Deploying FIDO2 for privileged accounts—administrators, finance, and sensitive system access—is the most impactful security upgrade an organization can implement in 2026.

Continuous Access Evaluation (CAE) and short-lived tokens

Token lifetime is critical. In default Microsoft environments, refresh tokens can last 90 days. CAE allows applications to receive real-time signals from the identity provider to revoke tokens immediately if a user is disabled, a password is changed, or a session is revoked.

Organizations should minimize the window for stolen credentials; one hour is a recommended starting point for access tokens.

Identity Behavioral Analytics

While traditional controls evaluate the authentication event, behavioral analytics monitor the session. This includes detecting “impossible travel” (e.g., logins from London and Eastern Europe within minutes), residential IPs that deviate from enterprise ranges, and unusual access times or devices.

This is where Scattered Spider’s residential proxy attacks become detectable, as analytics can identify inconsistencies that proxies cannot fully mask.
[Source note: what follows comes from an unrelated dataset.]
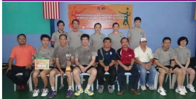
Photo: STA Badminton team represented by staff members from Shin Yang Group of Companies

Sarawak Timber Association (STA) participated in a badminton tournament organised in conjunction with the 40 th anniversary of Sarawak Timber Industry Development Corporation (STIDC) on 2 and 3 November 2013 at AMPM badminton hall, Miri.
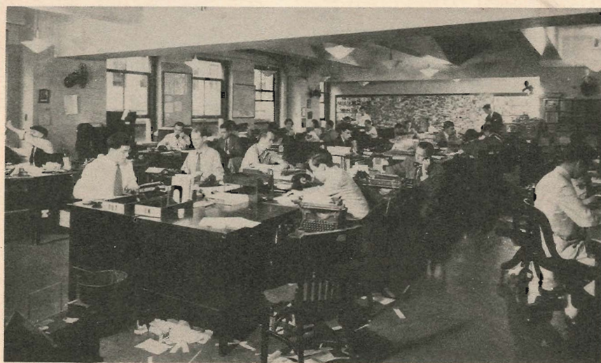
RADIO CITY HEADQUARTERS OF NBC'S INTERNATIONAL DIVISION WHERE WARTIME SHORTWAVE BROADCASTS ARE BEING PREPARED.

COMPLETE GUIDE-BOOK FOR SHORT-WAVE LISTENERS

Token Protection in Entra ID

Microsoft Entra ID Conditional Access offers token protection policies that bind tokens to specific devices and sessions. Enforcing device-based token binding makes stolen tokens significantly less useful, as they cannot be replayed from an unauthorized machine.

OAuth Application Auditing

Many organizations lack visibility into the third-party applications accessing their Microsoft 365 or Google Workspace tenants. Often, these apps were authorized years ago by users who have since left. Regular audits to remove unused integrations and enforce minimum viable permissions are essential to closing this overlooked attack surface.

Forensics in a Malware-Free World

This presents a unique challenge for DFIR professionals. Traditional forensics looks for artifacts of malicious code: suspicious processes, anomalous network connections, or unpacked binaries. When valid credentials are used, these artifacts are absent.

The evidence shifts entirely to authentication logs.

Sign-in logs from Azure AD, Google Workspace, and SaaS platforms become the primary evidence. Investigators must seek non-code anomalies: tokens issued from unexpected IPs, new OAuth grants not initiated by the account holder, or sessions from geographic locations that deviate from user patterns.

This is where Identity Threat Detection and Response (ITDR) is critical. ITDR evolves EDR for a world where attackers don’t need to run code, focusing detection on post-authentication anomalies.

Using Microsoft Sentinel or Defender for Identity, KQL hunting queries can detect Scattered Spider patterns: abuse of Conditional Access trusted locations, session tokens persisting after password resets, and MFA approvals immediately following credential reset requests.

Testing the organization’s response through tabletop exercises is an effective way to validate these capabilities. My previous guide on cybersecurity tabletop exercises provides practical steps for designing realistic scenarios.

Identity-based attacks are not fully preventable by technology alone; they exploit the intersection of security controls and human psychology. However, they are detectable through rigorous log monitoring and behavioral analytics.

Shifting from a perimeter-focused security model to an identity-focused one is essential in 2026. In a landscape where an attacker with a stolen password is indistinguishable from a legitimate user, the priority must be detecting the abuse of that identity.

The window between compromise and detection is where attackers operate—moving from initial access to exfiltration and persistence. The most effective tools monitor what happens after a successful login, not just the entry point itself.